Captain Sky
PRESENTS
Smile Galaxy
NOW DOCKING AT
5th Avenue Dental Associates LLP
If you forego reality and embrace your imagination, you can partake in a fun-filled experience that may possibly transport you to another world. When you sign up to the Tooth Brigade it's a commitment to a lifelong battle against the evil forces of The Count of Decay. I expect the best from my cadets and that begins from their initial training in the Space Station. Depending on your rank and age, ideally your first visit should consist of a collection of data about what makes you special in order to formulate a mission plan. That includes, but is not limited to, how you brush your teeth, what foods you like and how many and how clean your teeth are.
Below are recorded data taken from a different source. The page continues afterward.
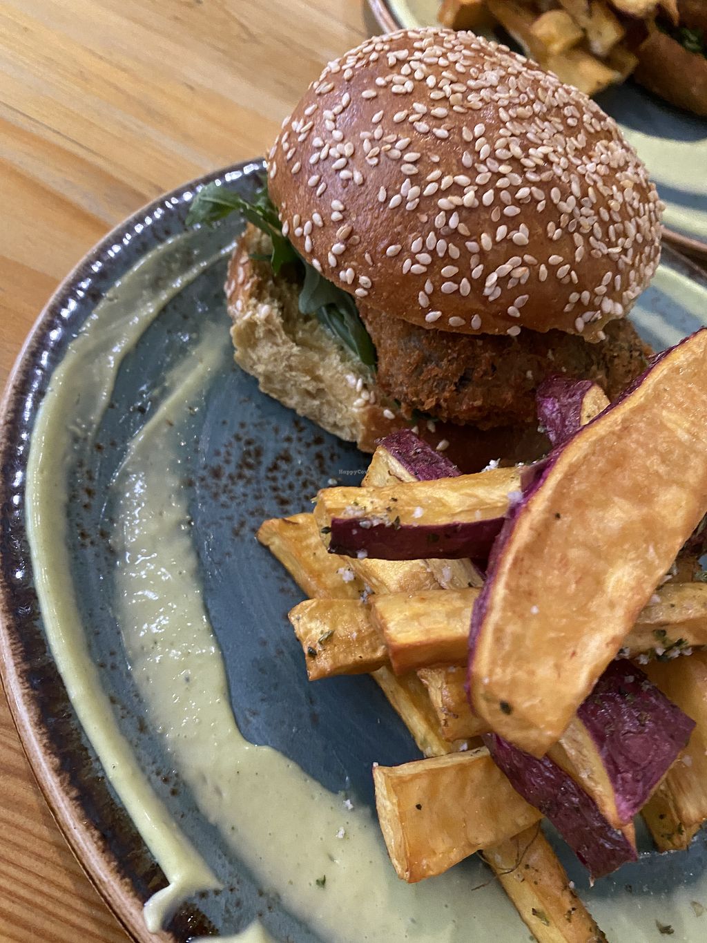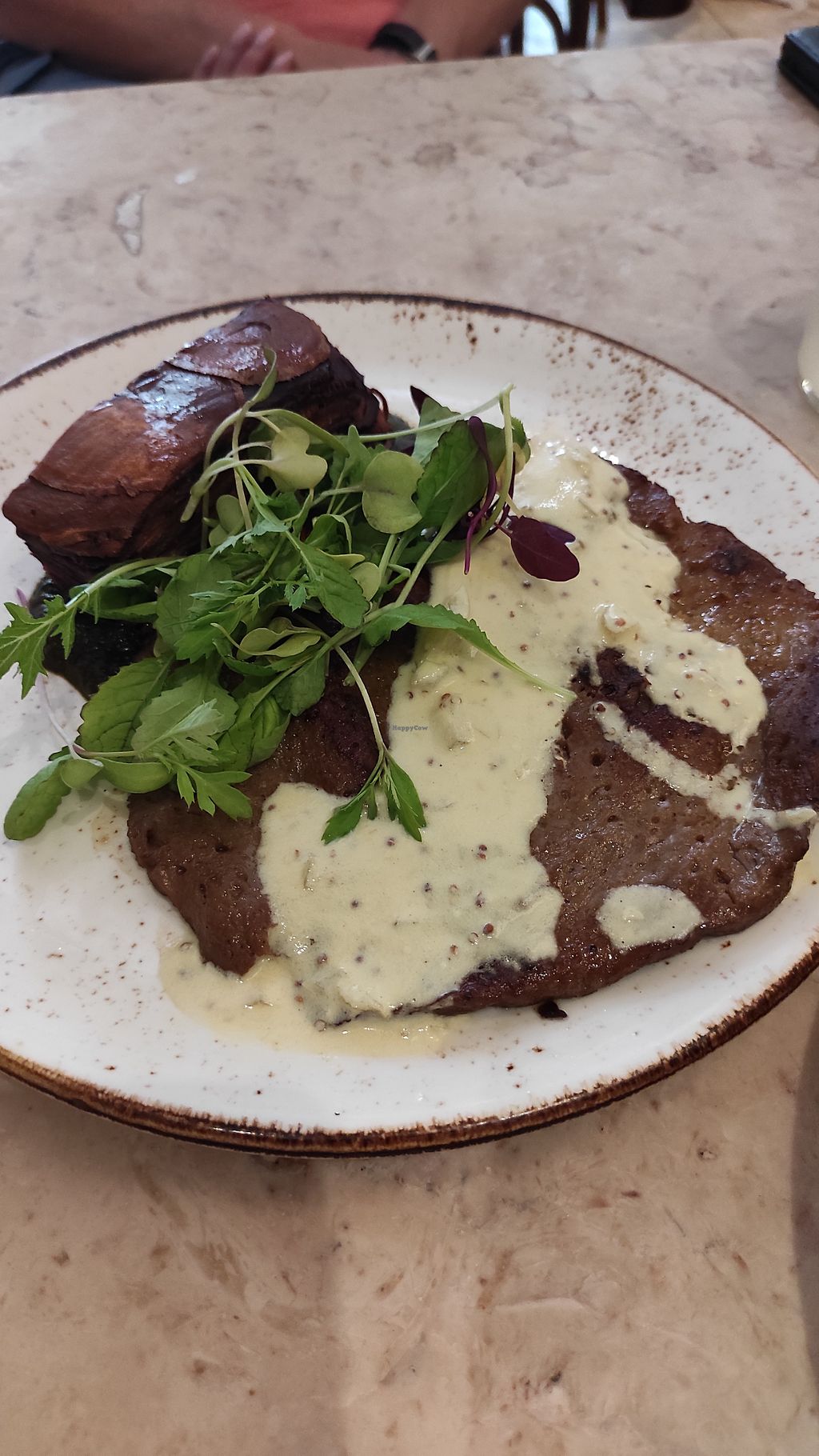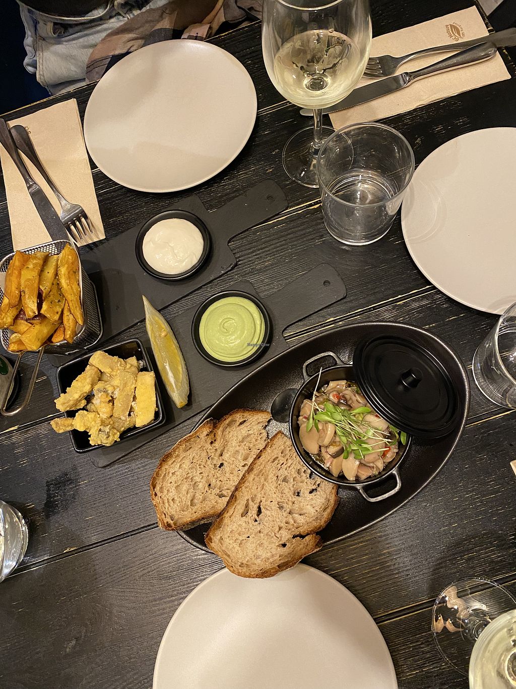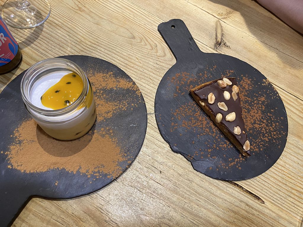 The food was well served and presented on a higher level. I appreciate the imitation of ‘traditional’ looking food. I had seitan stake with mustard sauce and layered sweet potato with spinach sauce. For started I had fried ‘cod fish’ which was really nice. My friend had sweet potato fries with garlic mayo sauce (so good) and the other friend octopus salad as a starter. For the dessert I had chocolate peanut cake and it was super nice!
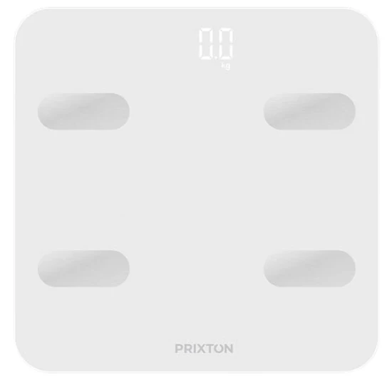 Scale with 13 functions for tracking via an app: body fat, body water, muscle percentage, bone mass, BMR, BMI, visceral fat, standard weight, weight control, fat mass, fat free mass. The application shows the weight in both kilogrammemes and pounds. Integrated Bluetooth. White LCD screen. AAA battery. Maximum weight 180 kg. Glass.
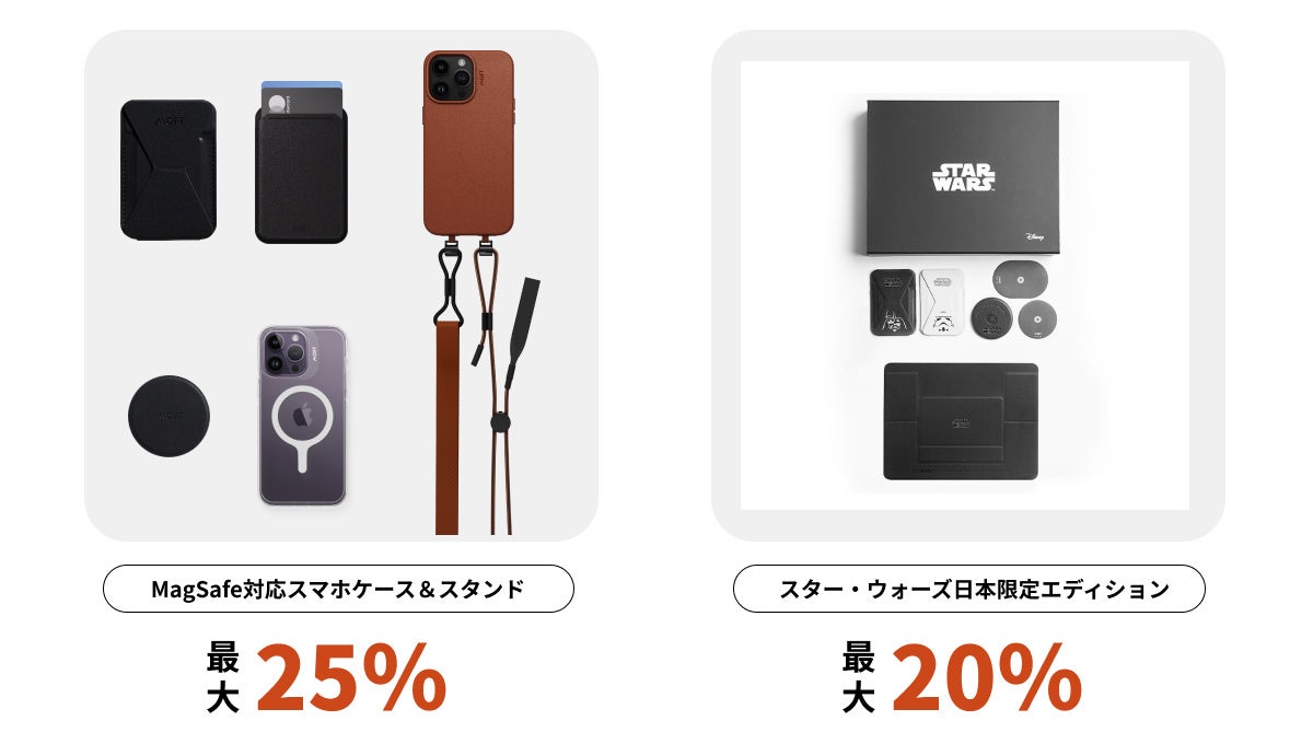 「Snap-Onスマホスタンド」や「フラッシュウォレット&スタンド」など、MOFT定番の大人気商品がフェア対象!

Moving forward, I may utilize high tech invisible beams to detect pre-existing invasion by cavity hordes or unusual space anomalies like extra teeth. Together we will clean your teeth and possibly protect them for interstellar flight with a flavored serum. Throughout you may feel free to ask any questions on the way and I'm keen on showing off and explaining my stations gadgets and gears before we actually use them. Finally, upon completion of your initiation to The Tooth Brigade you can request a Photo ID of your time with us, a planetary toothbrush and a token of my appreciation from The Best Prize Shelf in the Milky Way.
A Parent's Introduction to your First Visit to Smile Galaxy
- Parents may choose whether or not you board the ship with your wee cadet. However, quarters are cramped and I ask that only one parent or senior Admiral per flight. Exceptions can be made; usually on first flights only, but please ask permission first.
- Wee cadets under the age of three will often need to use their parents lap as a booster seat unless they prove themselves completely at ease in this space travel. The Captain or his crew will guide you to your assigned seat. Otherwise, I ask that parents relegate themselves to an assigned blue booster seat.
- Please try and be a silent observer. The Captain may ask your child questions like how old are you Timmy or when was the last time you were at the dentist Kimberly which you may be so proud of to know the answer to, you may find yourself spontaneously blurting out “He’s five!”, or “He was at the dentist four months ago!” Young enlistees will normally listen to their senior officers instead of a stranger new Captain and may not hear The Captain’s guidance. Furthermore, you may give incorrect or misleading information. The Captain has a limited amount of time to develop a relationship with your cadet while simultaneously ascertaining their abilities and limitations. I assure you every exchange has a meaning or serves a purpose. So please keep interjections to a minimum.
- Try to avoid using words both before and during the appointment that may give your cadet reason to panic. You may say in jest the doctor is going to pull out all your teeth, but think for a second how this puts The Captain behind the eight ball before he’s even started. Other hot button words I would like you to avoid are shots, pain, needles, hurt, drill, yank, pain, despair and terrible terrible trouble.
- If your cadet is being referred by a different dentist, please make every effort to bring pre-existing x-rays to aid in analysis. Depending on their clarity and how recently they were taken, we may or may not need to supplement them with our own depending on need and your cadet's behavior. Furthermore, The Captain may need you to return on a subsequent day to begin initiation of treatment once I have completed my initial evaluation and mission planning.
- I do not have the resources to put your cadet to sleep for his dental work today. Nor can I fix all ten of their cavities during a mere 30 minutes voyage. What I will try to do is get them to have some fun, laugh and leave healthier mentally and physically than when they came. I will strive to teach them how to be a professional patient, brave what can be a stressful experience or new environment and prove to themselves not to fear difficult situations in the future. We are building future Captains here at Smile Galaxy.
- Every cadet is an cosmic snowflake and where one will be calm and collected, another will crack under warp drive conditions. The reasons run the gamut from feeding off parental anxiety to school yard gossip. Never the less, you’re asking the Captain to get them from Mars to Jupiter in 30 minutes without permanently scarring their psyches so please understand he’s doing his best and often will jump through hoops or tear himself in emotional two to accomplish a mere tooth cleaning. Other times he has the foresight to know exactly in the first two minutes if your cadet is having a bad day. If so he will be strong enough to provide the leadership to get them past being lost in the Black Hole of Despair during a procedure.
- When he was six years old, The Captain knew he wanted to be a Pediatric Dentist. He genuinely likes children and has what he considers the patience of a Spotted Plutonian Snail and the empathy to billow a thousand cosmic sails. Still, his humor tends towards the sarcastic, metaphors feed tangents and he’s still working on being as comfortable with parents as he is with their kids. He asks for your forgiveness if these small imperfections arise and hope you’ll launch with him again.